4942 Maindy Hall was a 4-6-0 locomotive of the GWR's 4900 Hall class. It was built in 1929 at Swindon and now forms the frames and boiler of Lady of Legend. After being withdrawn from service in 1963, Maindy Hall was moved to Woodham Brothers scrapyard in Barry, South Wales in 1964. After ten years in the scrapyard, it was bought by Didcot Railway Centre in 1974, who also bought 5900 Hinderton Hall.

After acquiring the locomotives, the Great Western Society decided to back-convert and rebuild Maindy Hall from scrapyard condition into a 2900 Saint class. There are another ten members of the 4900 Hall class in preservation, including one in Didcot's possession, so the loss of a Hall was considered acceptable by preservationists. Historically, the first Hall class prototype was converted from 2925 Saint Martin, so reverting a Hall back to a 2900 Saint was not only practical, but had a historical precedent.

== Construction ==
In order to convert a Hall to a Saint, a number of modifications had to be made. For example, the size of the driving wheels for a Hall are 6 ft, while the size of the driving wheels for a Saint are 6 ft 8+1/2 in, the front bogie wheels are similarly larger on a Saint than those of a Hall.
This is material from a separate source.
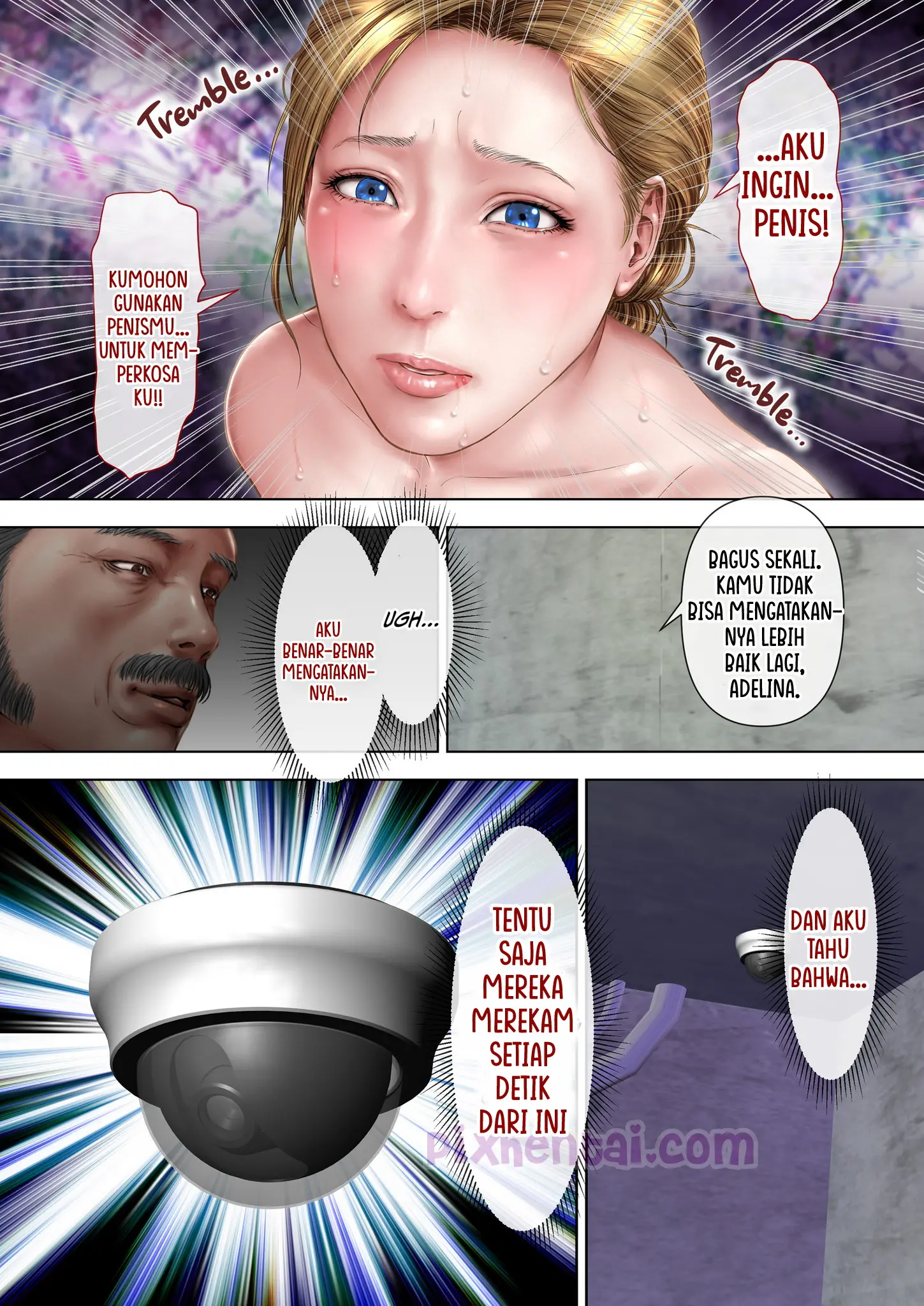 Adelina sangat bersemangat setelah mendapat pesan di ponselnya yang berisi ajakan kencan dari suaminya. Akan tetapi, ketika ia membuka matanya, yang ada di hadapannya ternyata bukanlah suaminya melainkan para atasan suaminya. Meskipun jabatan mereka berbeda-beda, namun pandangan mata mereka tertuju pada satu hal yang sama, yaitu tubuh semok Adelina yang sedang terikat ke kursi dan hanya memakai pakaian dalam.

The conversion process began in January 2004, with the manufacture of new driving wheelsets and an ultrasonic analysis of Maindy Hall's frame.

Other parts used in the construction of 2999 are original GWR-made parts that had, at one time, been fitted to Saints. Such examples include a connecting rod from 2906 Lady of Lynn, and a whistle from 2910 Lady of Shalott. The chimney is also an original GWR-made part, but is from a 6800 class 4-6-0.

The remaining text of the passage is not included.